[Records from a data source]
# # #

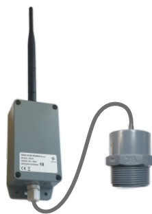
SU11 - 6/4" ULTRAZVOČNI SENZOR
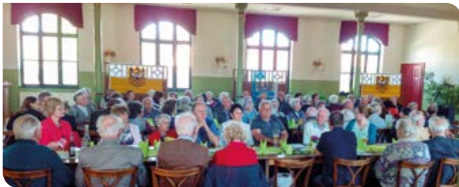
2018 Thallwitz Militscher Heimattreffen

Nach dem Fall der Mauer 1989 gab es auch für die ostdeutschen Schlesier die Möglichkeit offen über ihr Herkommen und ihre Heimat zu sprechen und Zusammenkünfte zu organisieren. Schließlich kam der überwiegende Teil der ehemaligen deutschen Bevölkerung aus dem Kreis Militsch nach Flucht und Vertreibung 1945 in den damaligen Kreisgebieten Borna, Grimma und Wurzen an und fand hier eine neue Bleibe. Es ist vielleicht Zufall, dass sich diese Verwaltungseinheiten zum heutigen Kreisgebiet zusammengeschlossen haben und schon vorher zur neuen Heimat eines Großteils der ehemaligen deut-
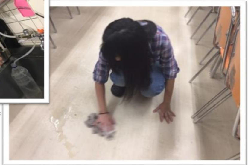
気になったところをきれいに
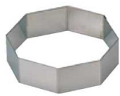
13 八角型 (WDB-67) 内
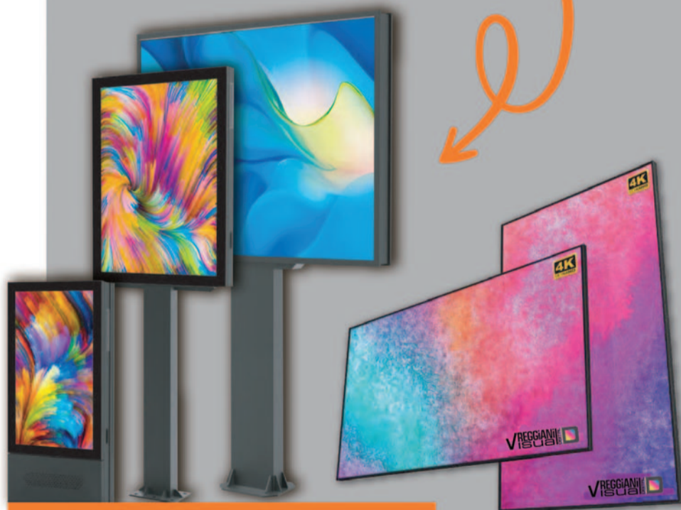
entra nel mondo Digital
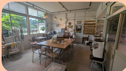
上米内駅舎内の待合カフェ

コースは山岸駅までですが、上米内駅まで 足を伸ばしてみたいはいかがですか! 山岸駅から上米内駅までは5キロ越えかつ 上り坂とかなり歯応えのあるコースです が、歩ききった先の上米内駅には漆工房や 無人カフェが併設しており、ゆっくり休む ことができます!(営業時間:9時~18時)
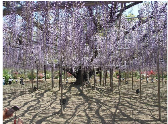
世界一の美しさを誇る大藤
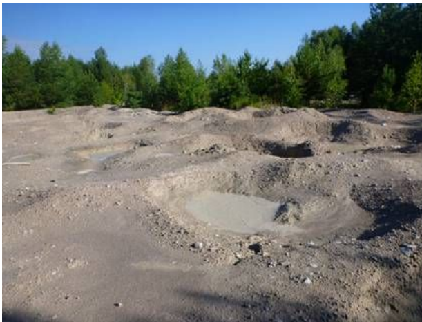
Фото 2. Волинське родовище, околиці шахти N 6.
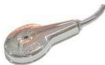
22-146 Taza cubre rotor Cromada c/codo
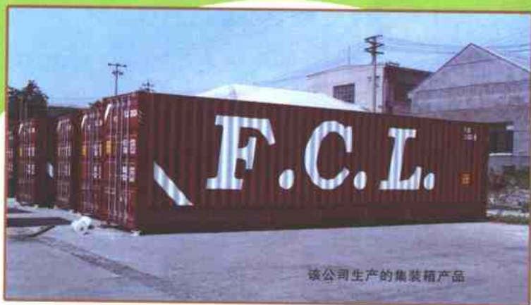
该公司生产的集装箱产品

青岛黄海集装箱有限公司建于1991年，占地面积28万平方米，建筑面积8万平方米，是生产国际标准集装箱和从事冲压、钣金件的专业工厂。集装箱产品全部出口国外，主要销往美国、日本、澳大利亚等国。
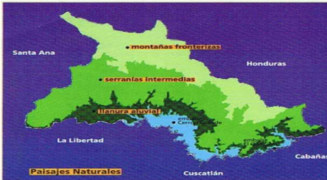
Fig.2 Paisajes Naturales de Chalatenango

La Mancomunidad La Montaña, dispone de un diagnóstico ambiental del departamento, denominado Plan Departamental de Manejo Ambiental (PADEMA 1 ), en el cual plantea el mapa de ubicación de paisajes naturales (Fig.2). El mencionado diagnóstico, se refleja en un cuadro síntesis (cuadro 1) las características biofísicas de los paisajes naturales del departamento, ambos se consideran relevantes para conocer el contexto de intervención.
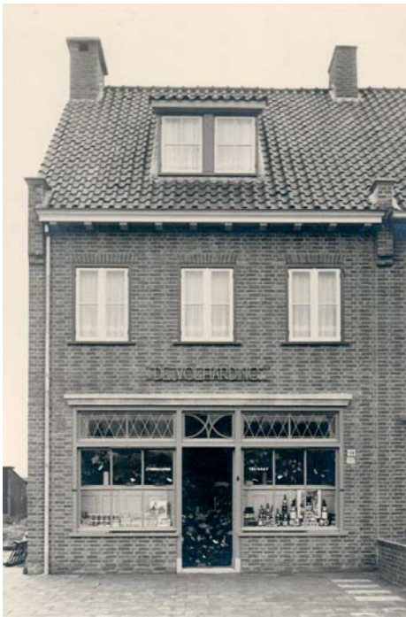
Het in 1942 herbouwde winkelpand.
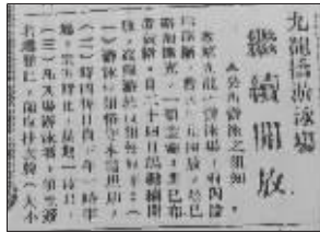
1930年8月23日的《中央日报》,在同一版面上登出了这两则新闻

# # #

- **TASK DESCRIPTION**: Without the pictures, repeat the entries above line by line, from the first through the one that contains "2018 Thallwitz Militscher Heimattreffen", both ends included.

- **TASK ANSWER**:
SU11 - 6/4" ULTRAZVOČNI SENZOR
2018 Thallwitz Militscher Heimattreffen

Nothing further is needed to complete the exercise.